◆ **YOUR TASK**: Output the lines of the records exactly, from the first through the one containing "L’espace nuit intimiste, accueille". Omit all pictures.

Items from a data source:
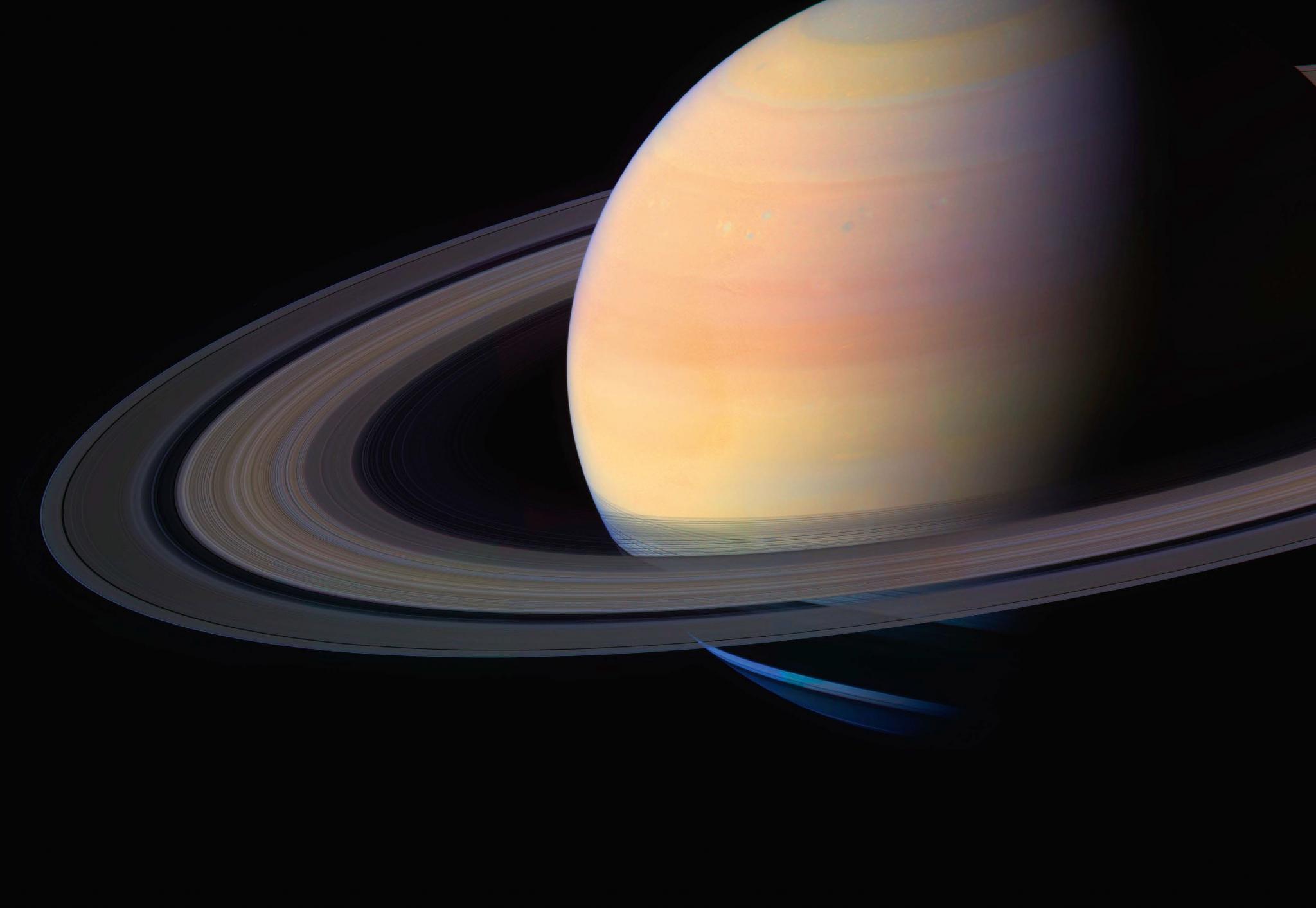 Газовый гигант с системой ледяных колец и многочисленными спутниками. В 95 раз тяжелее Земли и в 9,5 раза дальше от Солнца, местный год длится 29,4 наших лет. Состоит в основном из водорода, средняя плотность меньше воды (0,69 г/см3). Очень бурная атмосфера (ветры на экваторе могут дуть быстрее 500 км/ч) и мощное магнитное поле, создающее полярные сияния. Cassini совершил 294 оборота вокруг планеты.
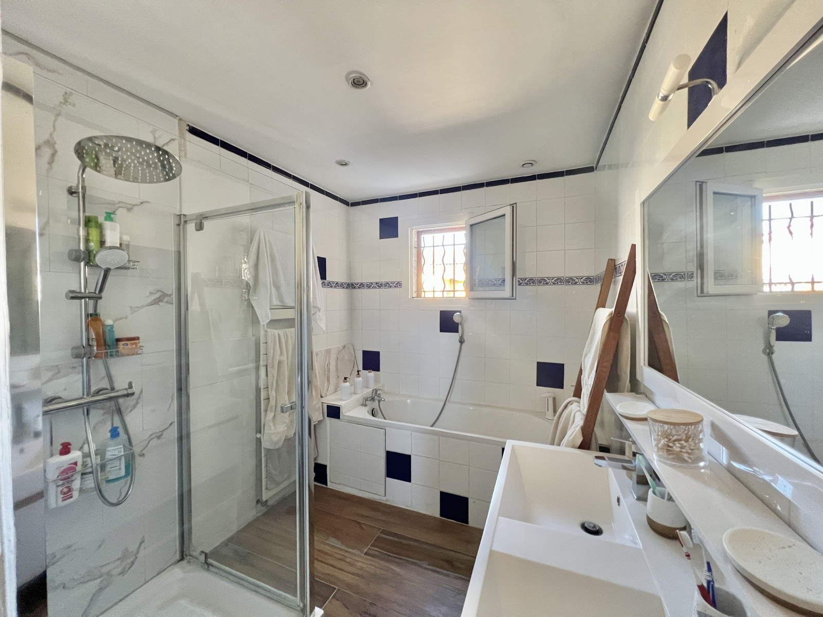 L’espace nuit intimiste, accueille trois chambres de dimensions confortables, ainsi qu’une salle d’eau avec douche et baignoire.
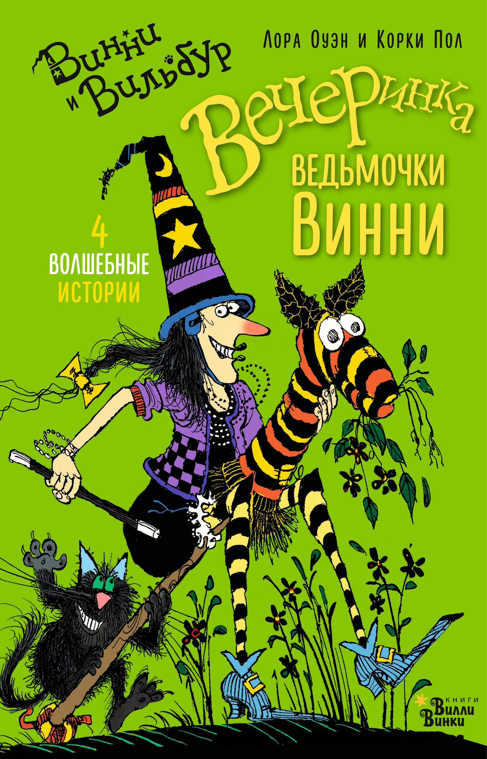 У весёлой ведьмочки Винни и её чёрного кота Вильбура ни минуты покоя, ведь нужно срочно превратить старый драндулет в новенькое блестящее авто, вызывать дух Великой тёти Уинфред, чтобы угомонить непослушных детей, устроить чаепития для родственников с чудинкой и скачки на самодельной лошади. Ведьмочка Винни и кот Вильбур радуют и удивляют детей и взрослых по всему миру. По мотивам их приключений создан мультсериал, а общий тираж книг составляет более 7 миллионов. Благодаря запоминающимся, невероятно смешным и обаятельным иллюстрациям Корки Пола истории о Винни и Вильбуре удостоены почётной награды The Childrens Book Award. "Вечеринка ведьмочки Винни" включает в себя 4 зажигательные истории: «Винни едет отдыхать», «Винни в цветнике», «Вечеринка Винни» и «Скачки Винни».
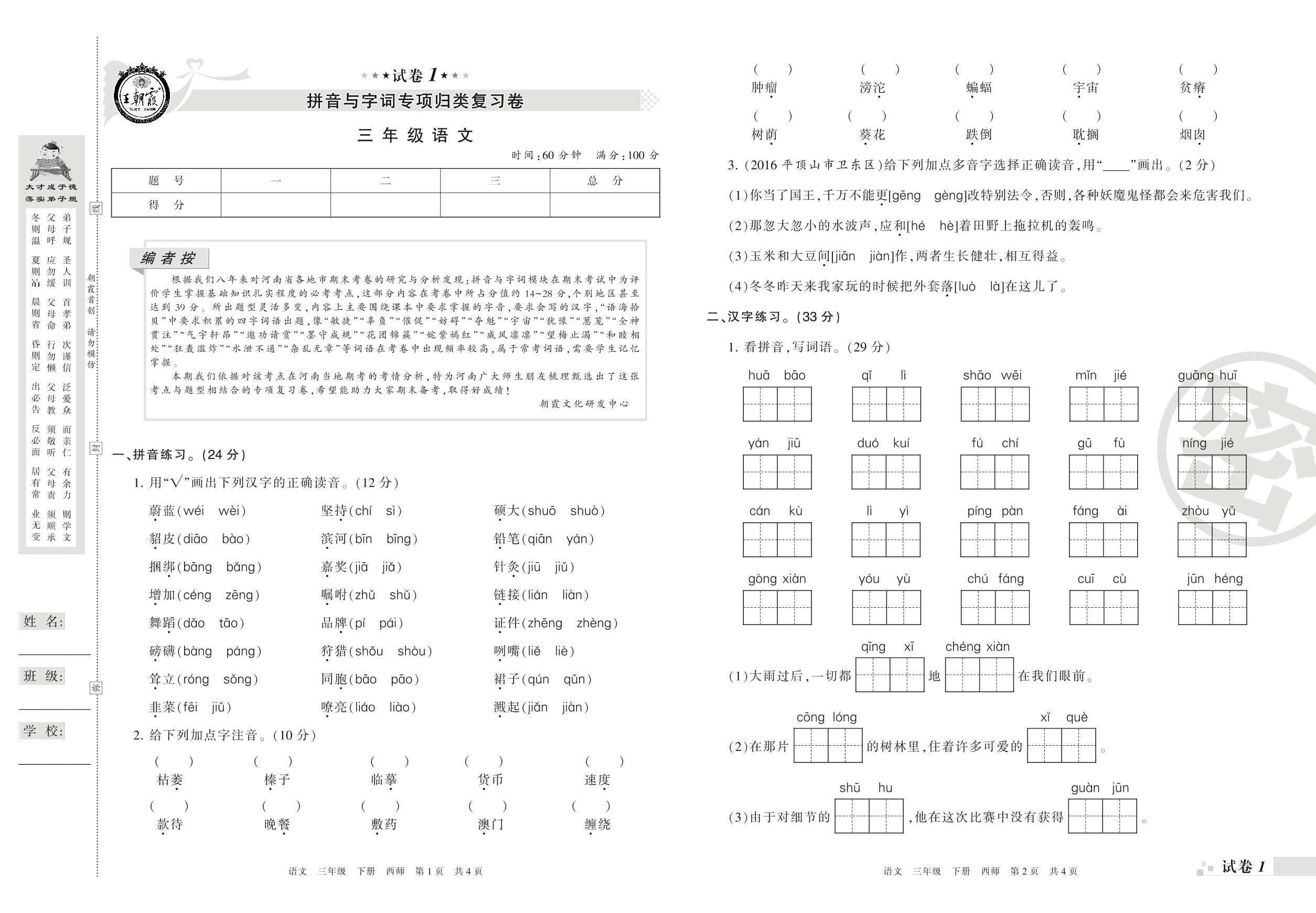王朝霞期末专项卷——拼音与字词专项归类复习卷三年级下册语文(西师版)_R210801104413【1】
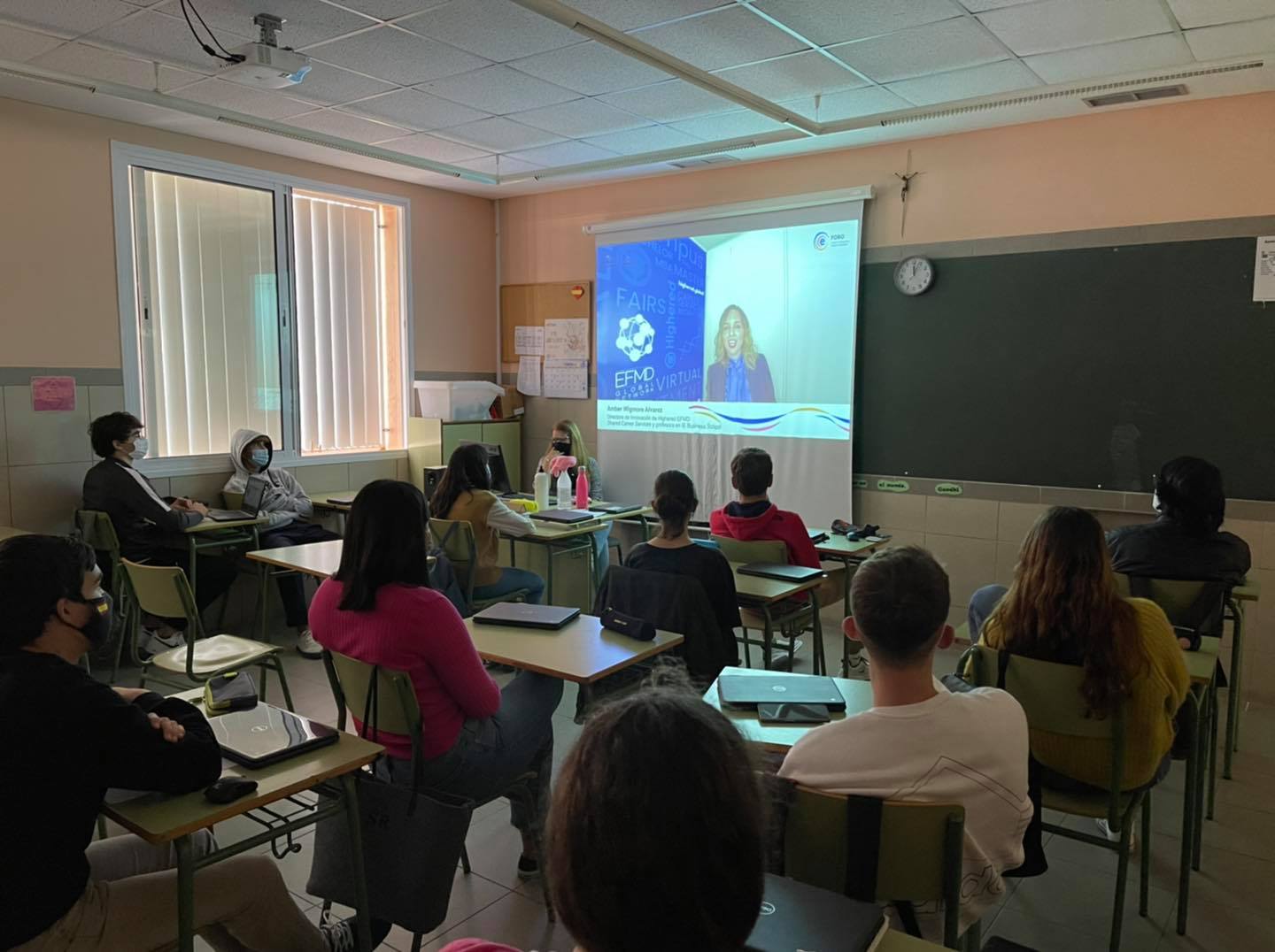 El pasado viernes día 12 de febrero, los alumnos de bachillerato de nuestro colegio, asistieron a una videoconferencia sobre “Las profesiones y competencias del futuro más demandadas”, promovida por Fundación Fyde CajaCanarias y dirigida especialmente al alumnado de Bachillerato, con el objetivo de revelar los factores “digitales” y “humanos” que impulsan el crecimiento en las profesiones del futuro, desde la perspectiva de los empleadores y las habilidades clave para garantizar el éxito profesional: creatividad, liderazgo, habilidades de comunicación, autoconfianza y adaptabilidad. También las disciplinas más valiosas para estudiar durante los próximos cinco años y cómo desarrollar la presencia ejecutiva, lo que ella considera el denominador común entre los que se encuentran muy satisfechos con sus carreras.
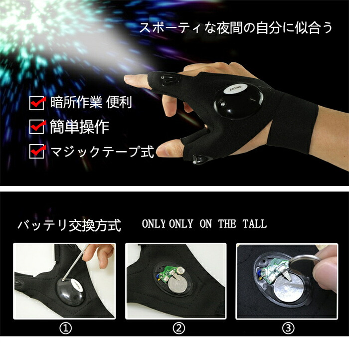夜釣り ライトグローブ 釣りグローブ 手元だけ明るい手袋 夜釣り用 手袋 LED手袋 釣り手袋
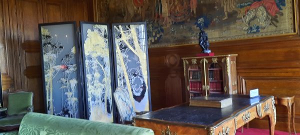 Les panneaux, principalement des paravents sont distribués dans toutes les pièces du château y trouvant une place harmonieuse.

◆ **RESULT OF THIS EXERCISE**:
 Газовый гигант с системой ледяных колец и многочисленными спутниками. В 95 раз тяжелее Земли и в 9,5 раза дальше от Солнца, местный год длится 29,4 наших лет. Состоит в основном из водорода, средняя плотность меньше воды (0,69 г/см3). Очень бурная атмосфера (ветры на экваторе могут дуть быстрее 500 км/ч) и мощное магнитное поле, создающее полярные сияния. Cassini совершил 294 оборота вокруг планеты.
 L’espace nuit intimiste, accueille trois chambres de dimensions confortables, ainsi qu’une salle d’eau avec douche et baignoire.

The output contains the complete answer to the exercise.